Please transcribe only the lines between the one containing "Leopard Print Duffle" and the end of the records, both ends included, exactly as written; skip every picture.

[Collected data]
- Opening Delimiter -
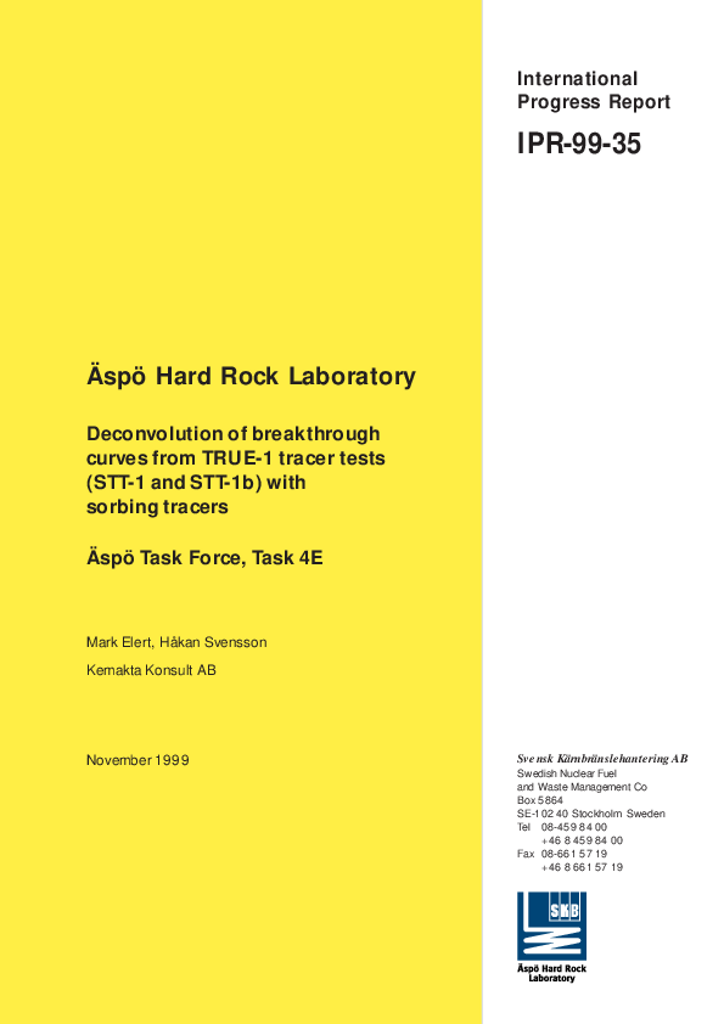 Äspö Hard Rock Laboratory. Deconvolution of breakthrough curves from TRUE-1 tracer tests (STT-1 and STT-1b) with sorbing tracers. Äspö Task Force, Task 4E
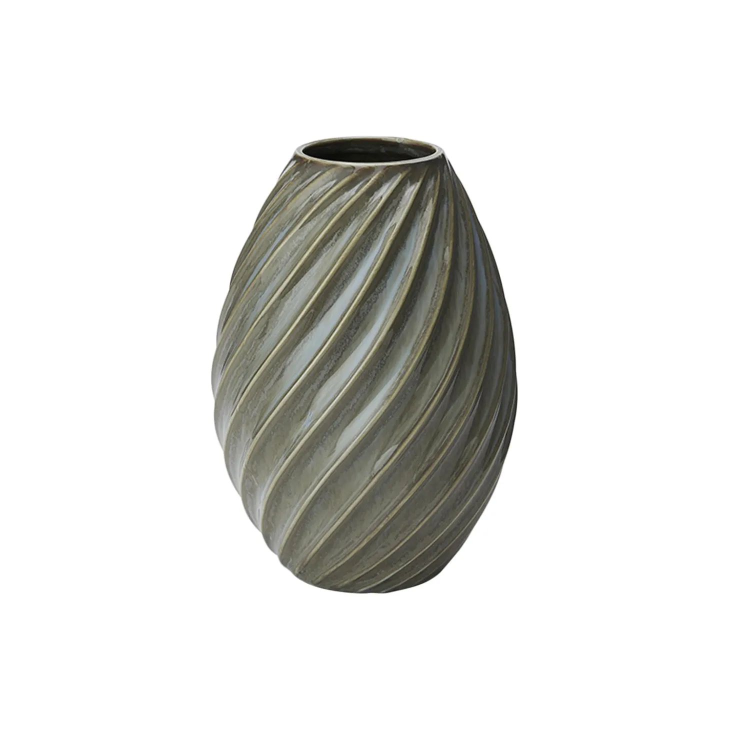 Som lette krusninger på vand snor det smukke diagonale spiralmønster sig elegant om de slanke vaser og giver dem et spændende stramt, grafisk udtryk. Udført i porcelæn og glaseret med en smuk gråblå glasur, der på flotteste vis understreger vasens form, som er tilpasset til roser, afskårne blomster fra haven og forårsgrene.
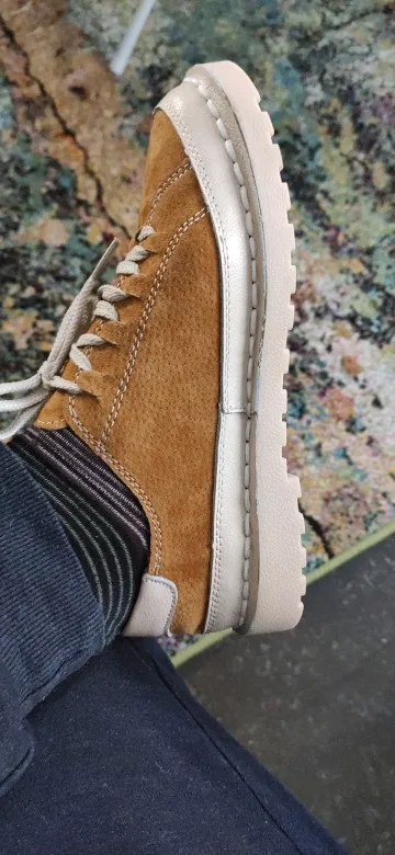 Так и не поняла, кожа это или нет. Но обувь мягкая, удобная, запаха нет. На 24,5 см в стопе отлично подошёл 39 размер. В реальности светлее, чем на картинке.
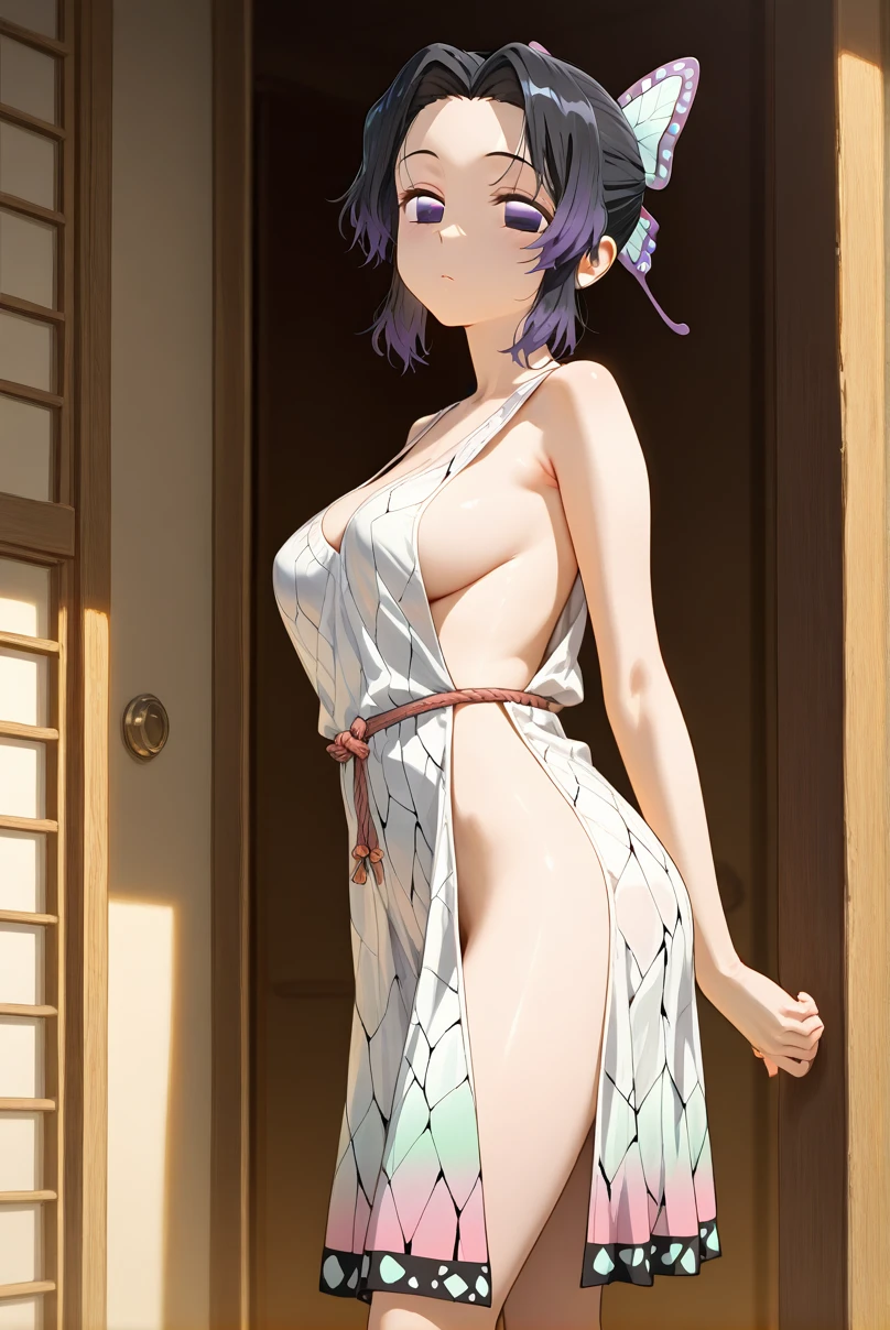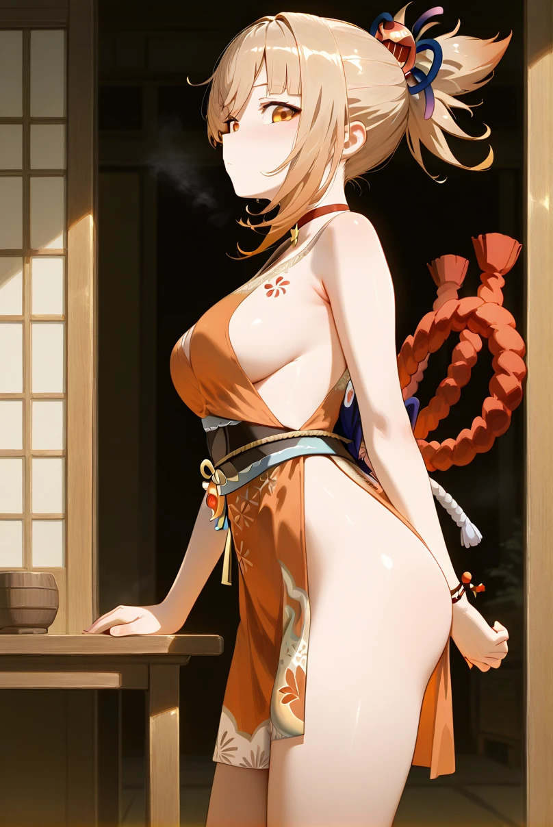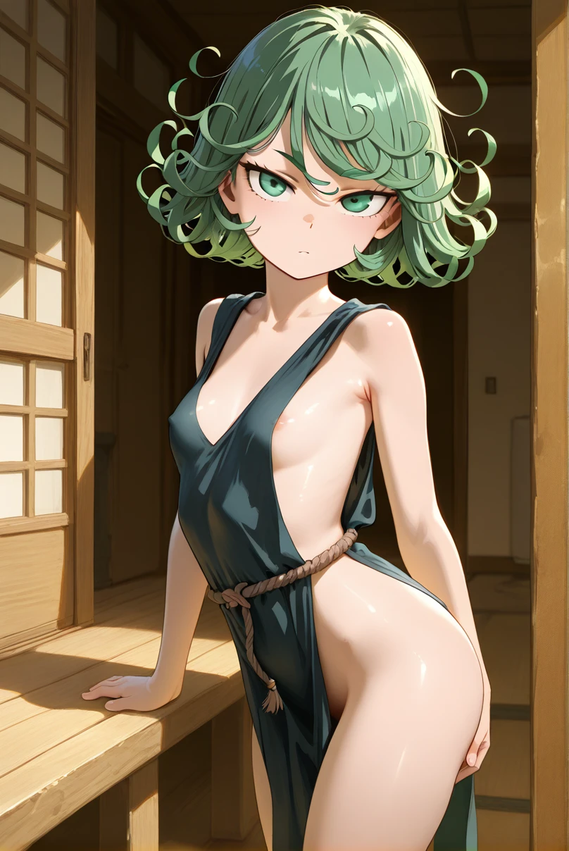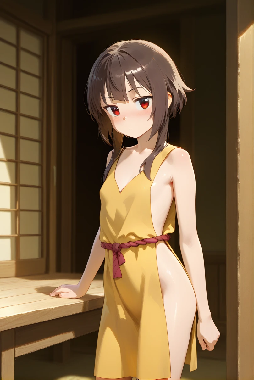 masterpiece,best quality,amazing quality,very aesthetic,absurdres,ultra detailed face,ultra detailed eyes, <lora:SlaveTunicOutfit_Illustrious_v2:0.8>, (slavetunicoutfit:1.2), rope around waist, sleeveless dress, revealing clothes, Negative Prompt
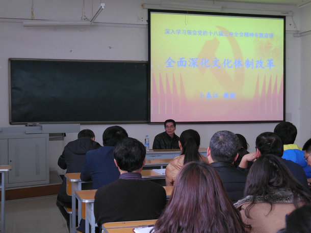 校宣讲团成员、经济与管理学院党委书记、硕士生导师卜春江副教授应邀为生命科学与农林学院、食品与生物工程学院、计算中心作了题为《全面深化文化体制改革》的专题报告。他从“为什么提出进一步深化文化体制改革”,“为什么提出建设文化强国”以及“高校如何在文化建设中提升贡献率”等三个方面对文化体制改革进行了详实的阐述,报告引经据典,深入浅出。并结合beats365实际,指出大学应该发挥在文化建设中的优势和基础作用,引领文化理念的更新,探寻文化铸校的路径,在提升文化软实力中做出自己应有的贡献。
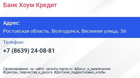 Банк Хоум Кредит по адресу Ростовская область, Волгодонск, Весенняя улица, 56 в дальнейшем Организация, размещена в следующих категориях:
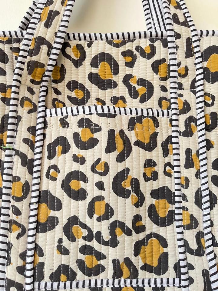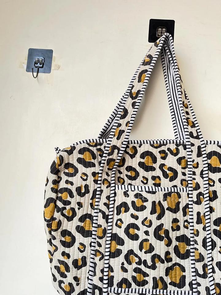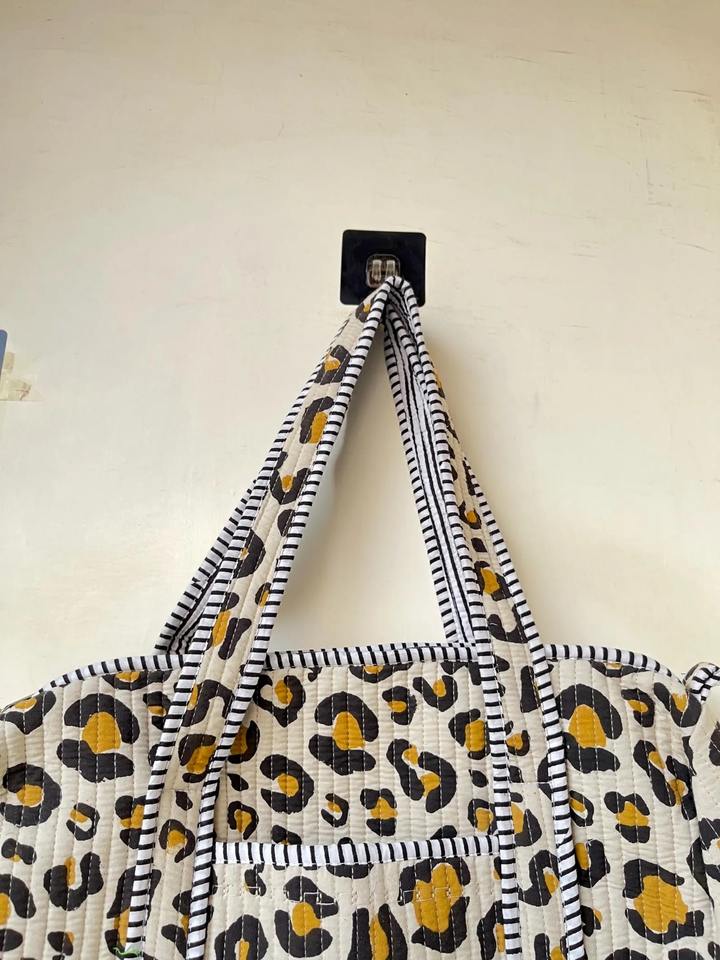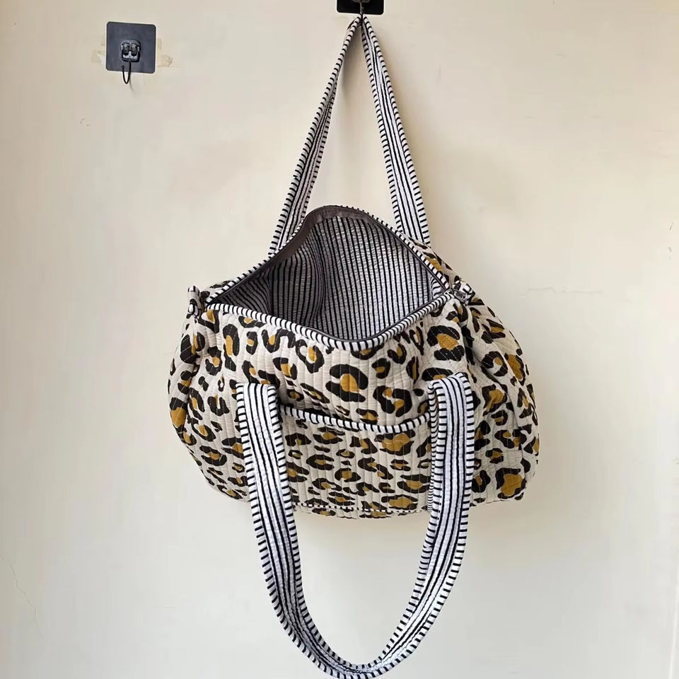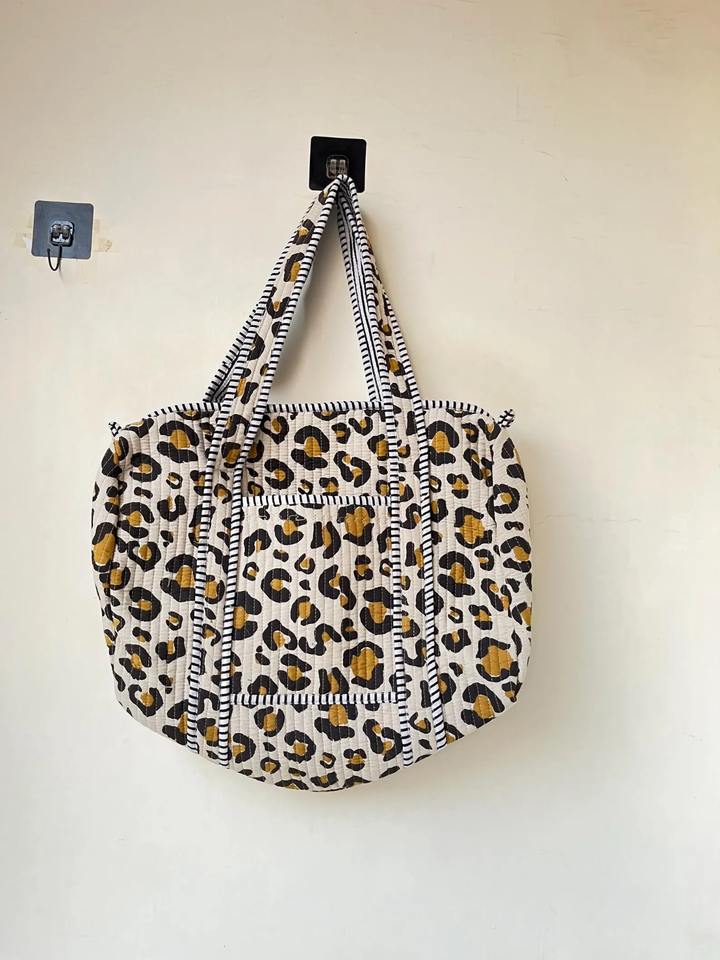 Leopard Print Duffle Bag Indian Boho Block Print Quilted Bag Travel Bag Handmade Shoulder Purse Large Weekender Bridesmaid Gift
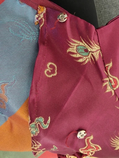 article trop petit,les boutons pressions ne servent à rien,ils ne tiennent pas du tout. dommage, posé à plat à l'ouverture du paquet c'était joli
- Closing Delimiter -
● **Task output**
 Leopard Print Duffle Bag Indian Boho Block Print Quilted Bag Travel Bag Handmade Shoulder Purse Large Weekender Bridesmaid Gift
 article trop petit,les boutons pressions ne servent à rien,ils ne tiennent pas du tout. dommage, posé à plat à l'ouverture du paquet c'était joli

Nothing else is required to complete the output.